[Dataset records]
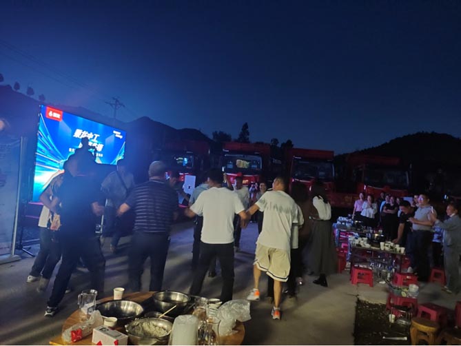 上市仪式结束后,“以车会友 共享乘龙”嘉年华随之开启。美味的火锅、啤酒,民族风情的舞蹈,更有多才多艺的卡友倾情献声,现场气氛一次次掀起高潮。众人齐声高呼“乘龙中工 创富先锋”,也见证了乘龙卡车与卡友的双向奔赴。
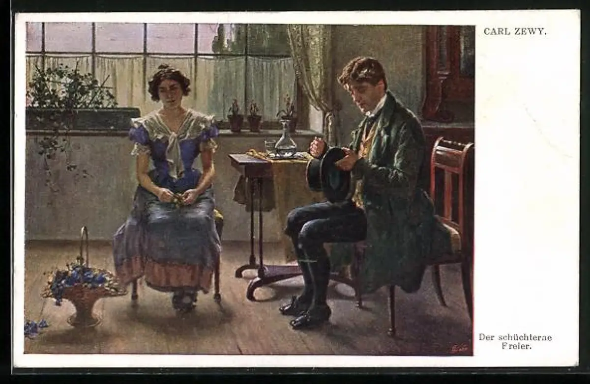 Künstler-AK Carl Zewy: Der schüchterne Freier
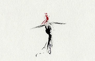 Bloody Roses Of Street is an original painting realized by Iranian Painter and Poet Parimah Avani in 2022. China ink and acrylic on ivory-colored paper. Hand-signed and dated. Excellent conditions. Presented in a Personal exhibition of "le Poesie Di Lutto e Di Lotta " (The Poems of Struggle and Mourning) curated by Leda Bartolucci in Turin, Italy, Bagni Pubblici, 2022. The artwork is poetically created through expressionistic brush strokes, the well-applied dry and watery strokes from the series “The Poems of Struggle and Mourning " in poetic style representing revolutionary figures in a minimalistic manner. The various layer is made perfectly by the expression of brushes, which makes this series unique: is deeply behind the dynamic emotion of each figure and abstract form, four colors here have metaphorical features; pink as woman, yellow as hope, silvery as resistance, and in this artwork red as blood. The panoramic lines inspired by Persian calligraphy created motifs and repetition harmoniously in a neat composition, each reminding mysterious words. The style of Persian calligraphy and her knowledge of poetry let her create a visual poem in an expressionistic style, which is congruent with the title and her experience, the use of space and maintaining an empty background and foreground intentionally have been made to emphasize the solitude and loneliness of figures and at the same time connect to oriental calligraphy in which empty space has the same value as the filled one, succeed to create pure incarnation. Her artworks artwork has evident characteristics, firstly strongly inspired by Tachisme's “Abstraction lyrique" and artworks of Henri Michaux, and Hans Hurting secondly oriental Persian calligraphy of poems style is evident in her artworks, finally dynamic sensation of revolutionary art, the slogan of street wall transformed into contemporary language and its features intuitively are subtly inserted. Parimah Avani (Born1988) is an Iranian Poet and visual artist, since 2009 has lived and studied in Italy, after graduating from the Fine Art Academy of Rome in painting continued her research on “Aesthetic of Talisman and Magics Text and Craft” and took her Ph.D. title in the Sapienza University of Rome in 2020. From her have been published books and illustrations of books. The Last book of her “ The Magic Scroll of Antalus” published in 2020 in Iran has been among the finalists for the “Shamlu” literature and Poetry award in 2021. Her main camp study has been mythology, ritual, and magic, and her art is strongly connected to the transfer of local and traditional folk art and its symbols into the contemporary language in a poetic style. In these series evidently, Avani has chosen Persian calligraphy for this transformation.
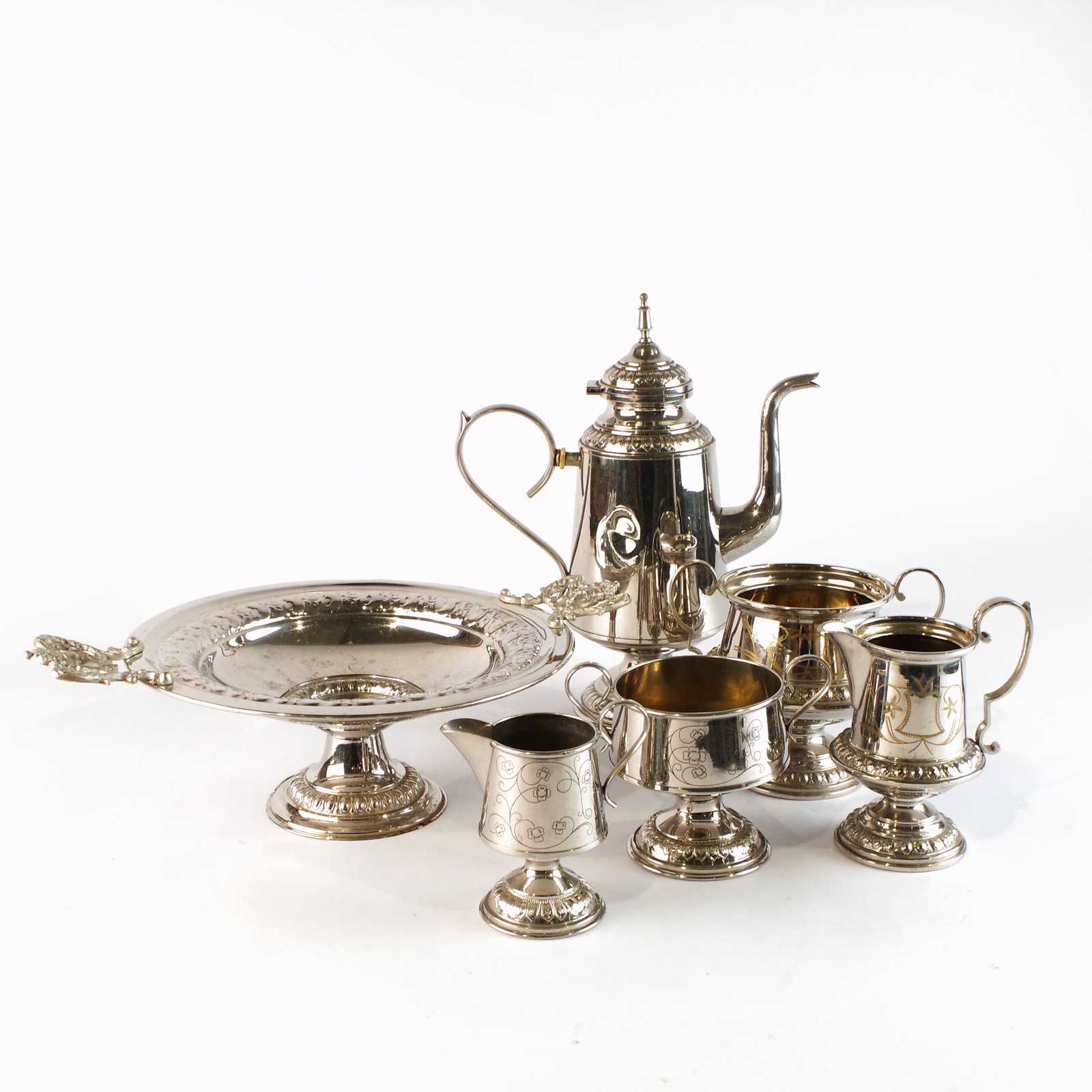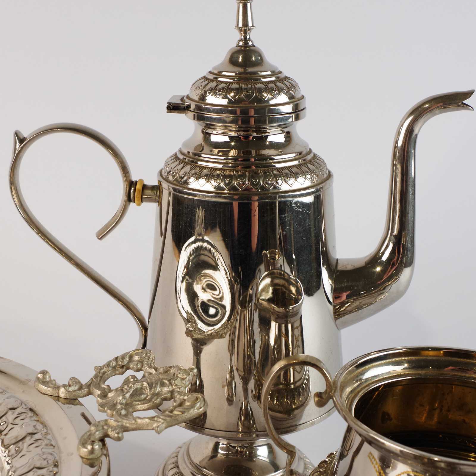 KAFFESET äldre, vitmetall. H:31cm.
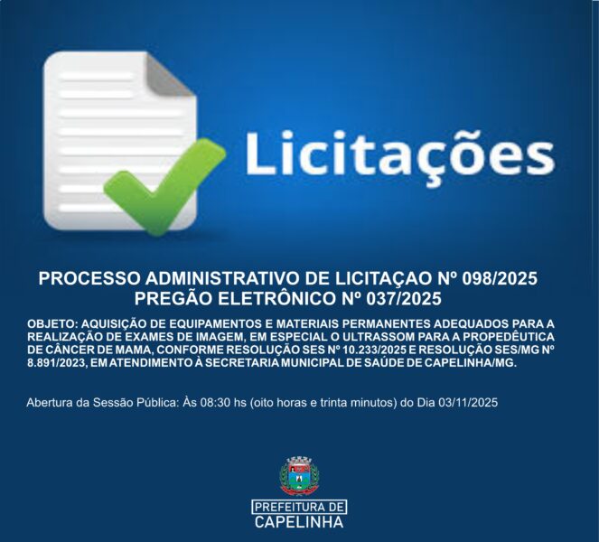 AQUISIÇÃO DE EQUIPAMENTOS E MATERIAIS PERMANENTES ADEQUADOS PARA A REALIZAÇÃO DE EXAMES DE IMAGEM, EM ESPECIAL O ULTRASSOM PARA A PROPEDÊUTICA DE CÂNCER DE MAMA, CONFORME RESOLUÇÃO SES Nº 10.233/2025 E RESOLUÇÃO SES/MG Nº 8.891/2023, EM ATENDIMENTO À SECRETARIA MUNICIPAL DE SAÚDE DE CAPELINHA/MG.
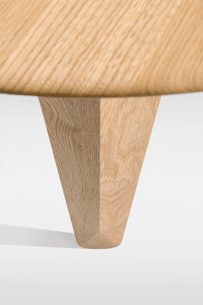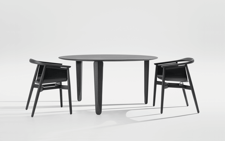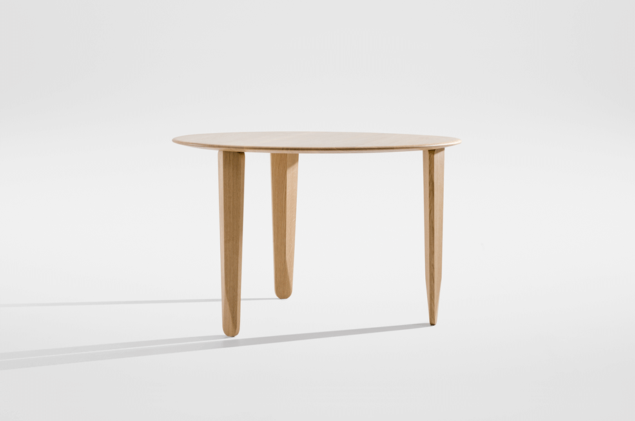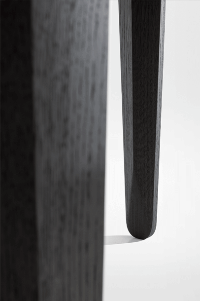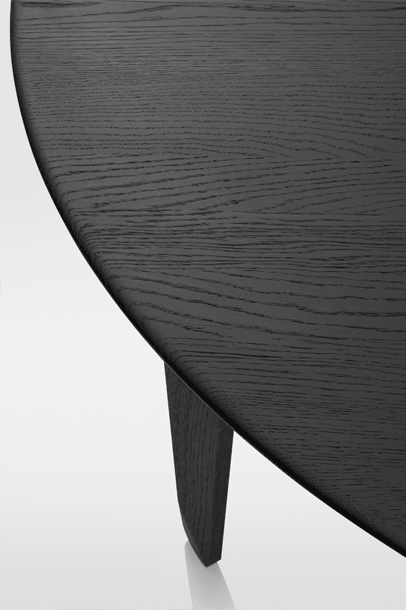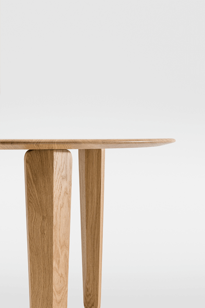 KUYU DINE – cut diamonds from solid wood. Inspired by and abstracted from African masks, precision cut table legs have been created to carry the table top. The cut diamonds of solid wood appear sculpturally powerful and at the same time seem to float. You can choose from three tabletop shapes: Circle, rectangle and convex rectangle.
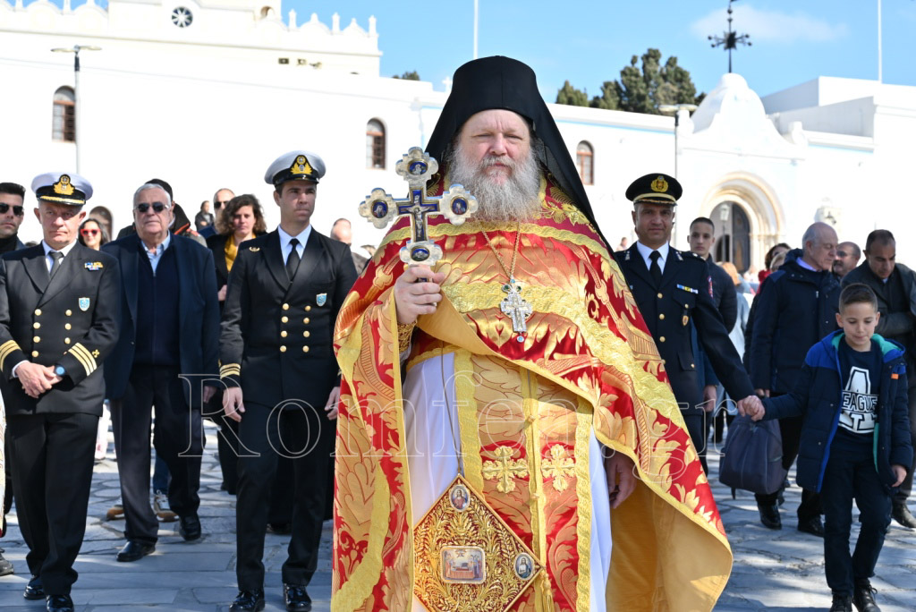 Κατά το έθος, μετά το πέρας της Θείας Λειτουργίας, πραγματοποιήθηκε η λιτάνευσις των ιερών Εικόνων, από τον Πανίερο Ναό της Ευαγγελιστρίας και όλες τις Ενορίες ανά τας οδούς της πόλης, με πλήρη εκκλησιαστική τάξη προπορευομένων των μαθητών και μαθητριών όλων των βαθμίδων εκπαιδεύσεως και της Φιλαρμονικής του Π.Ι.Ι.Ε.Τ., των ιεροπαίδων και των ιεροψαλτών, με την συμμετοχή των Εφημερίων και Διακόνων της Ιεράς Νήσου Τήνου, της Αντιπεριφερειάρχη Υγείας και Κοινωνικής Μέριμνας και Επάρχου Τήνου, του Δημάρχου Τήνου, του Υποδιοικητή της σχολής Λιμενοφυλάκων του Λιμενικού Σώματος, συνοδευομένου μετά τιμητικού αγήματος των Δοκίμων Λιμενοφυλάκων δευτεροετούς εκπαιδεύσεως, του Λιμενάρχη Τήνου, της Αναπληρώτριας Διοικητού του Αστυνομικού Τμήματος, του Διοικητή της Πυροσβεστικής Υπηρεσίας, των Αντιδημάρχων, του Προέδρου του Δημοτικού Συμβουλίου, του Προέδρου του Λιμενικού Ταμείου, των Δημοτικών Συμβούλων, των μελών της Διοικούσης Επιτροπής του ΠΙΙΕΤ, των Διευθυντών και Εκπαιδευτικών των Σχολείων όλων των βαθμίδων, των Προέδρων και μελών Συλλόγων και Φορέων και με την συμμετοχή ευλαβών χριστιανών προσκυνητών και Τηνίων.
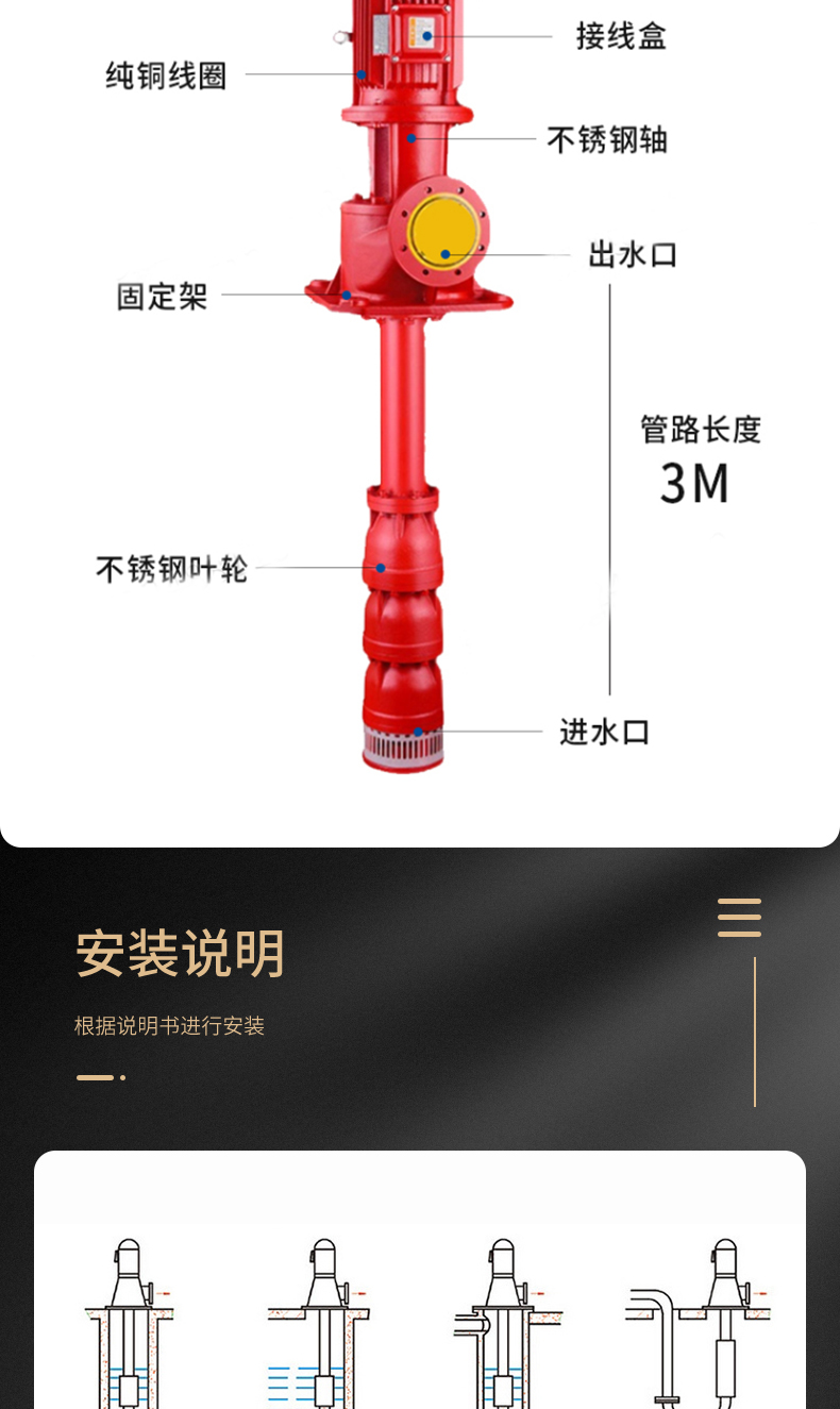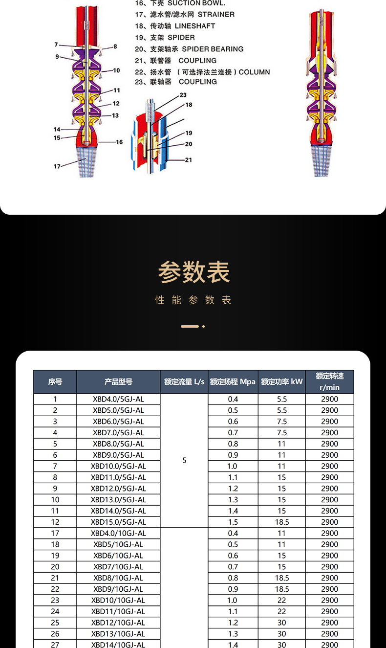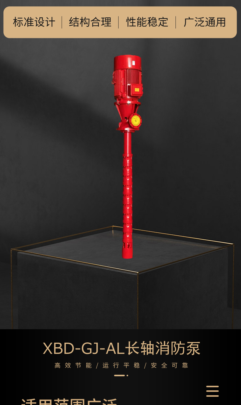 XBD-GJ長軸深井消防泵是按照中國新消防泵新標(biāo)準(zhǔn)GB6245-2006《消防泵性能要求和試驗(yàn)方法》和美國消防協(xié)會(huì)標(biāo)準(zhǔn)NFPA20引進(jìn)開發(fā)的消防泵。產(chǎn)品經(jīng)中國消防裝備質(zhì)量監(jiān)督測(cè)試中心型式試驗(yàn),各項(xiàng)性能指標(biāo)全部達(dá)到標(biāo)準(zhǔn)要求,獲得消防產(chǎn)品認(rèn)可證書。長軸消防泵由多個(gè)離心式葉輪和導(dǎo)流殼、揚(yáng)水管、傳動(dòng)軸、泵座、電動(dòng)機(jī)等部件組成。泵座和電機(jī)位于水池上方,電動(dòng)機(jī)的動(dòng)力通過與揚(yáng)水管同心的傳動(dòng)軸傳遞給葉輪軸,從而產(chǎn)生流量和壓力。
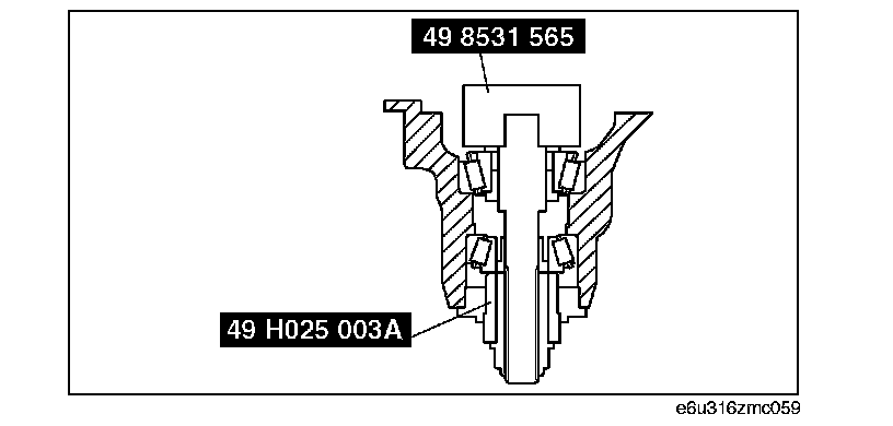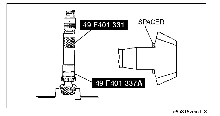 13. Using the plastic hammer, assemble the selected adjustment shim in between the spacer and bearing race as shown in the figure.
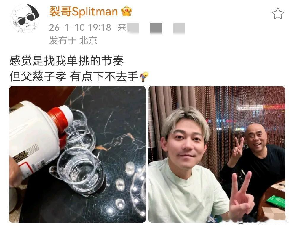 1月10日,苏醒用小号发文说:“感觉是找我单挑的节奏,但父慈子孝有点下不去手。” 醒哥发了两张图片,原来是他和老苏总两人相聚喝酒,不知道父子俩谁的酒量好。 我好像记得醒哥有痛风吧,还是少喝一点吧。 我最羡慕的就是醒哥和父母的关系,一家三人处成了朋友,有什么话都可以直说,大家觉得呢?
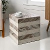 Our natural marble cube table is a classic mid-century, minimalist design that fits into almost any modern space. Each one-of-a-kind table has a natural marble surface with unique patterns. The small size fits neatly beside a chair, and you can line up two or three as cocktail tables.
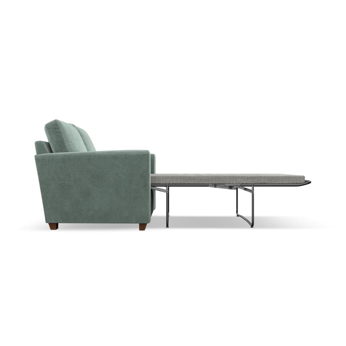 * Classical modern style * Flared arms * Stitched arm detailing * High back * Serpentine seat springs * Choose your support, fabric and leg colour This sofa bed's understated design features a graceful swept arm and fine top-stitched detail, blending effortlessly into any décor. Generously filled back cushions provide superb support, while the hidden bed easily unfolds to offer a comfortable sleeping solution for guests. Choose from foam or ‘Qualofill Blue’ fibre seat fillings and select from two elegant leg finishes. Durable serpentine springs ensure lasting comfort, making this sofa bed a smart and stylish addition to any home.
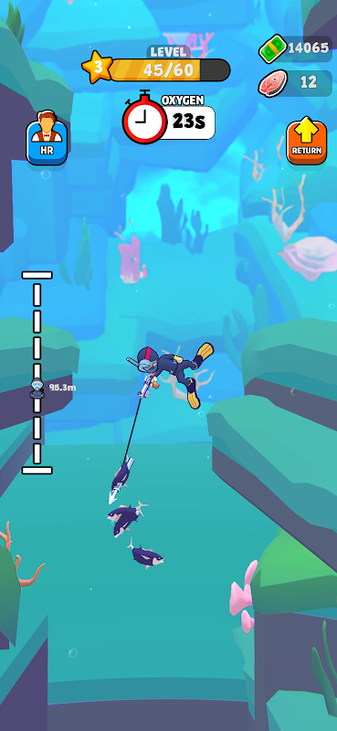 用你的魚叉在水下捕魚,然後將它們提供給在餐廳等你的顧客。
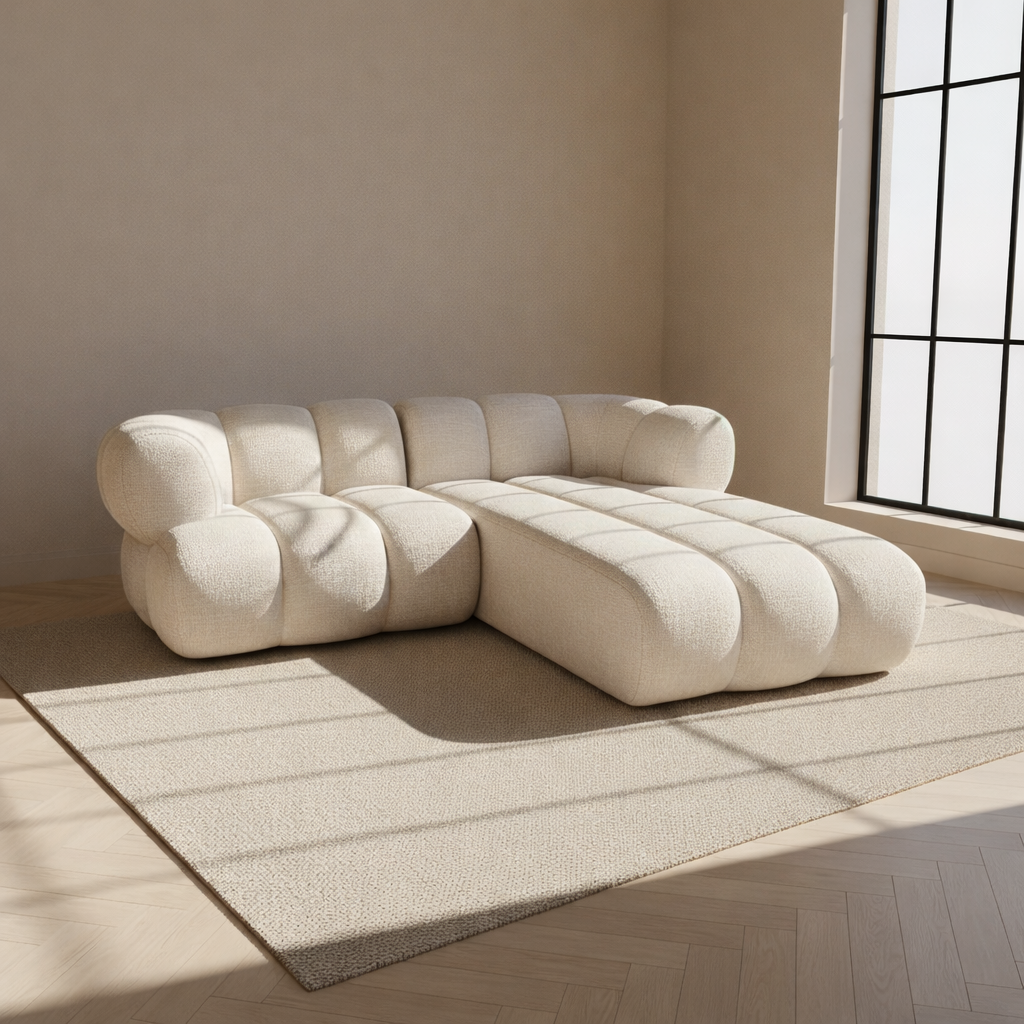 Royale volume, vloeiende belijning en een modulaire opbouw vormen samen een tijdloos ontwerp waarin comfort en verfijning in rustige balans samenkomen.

> [PROBLEM DETAILS]: Copy only the lines above from the one containing "KAFFESET äldre, vitmetall. H:31cm." through the one containing "KUYU DINE –", both included. Leave out the pictures.

> [THE COMPLETED TASK]:
 KAFFESET äldre, vitmetall. H:31cm.
 AQUISIÇÃO DE EQUIPAMENTOS E MATERIAIS PERMANENTES ADEQUADOS PARA A REALIZAÇÃO DE EXAMES DE IMAGEM, EM ESPECIAL O ULTRASSOM PARA A PROPEDÊUTICA DE CÂNCER DE MAMA, CONFORME RESOLUÇÃO SES Nº 10.233/2025 E RESOLUÇÃO SES/MG Nº 8.891/2023, EM ATENDIMENTO À SECRETARIA MUNICIPAL DE SAÚDE DE CAPELINHA/MG.
 KUYU DINE – cut diamonds from solid wood. Inspired by and abstracted from African masks, precision cut table legs have been created to carry the table top. The cut diamonds of solid wood appear sculpturally powerful and at the same time seem to float. You can choose from three tabletop shapes: Circle, rectangle and convex rectangle.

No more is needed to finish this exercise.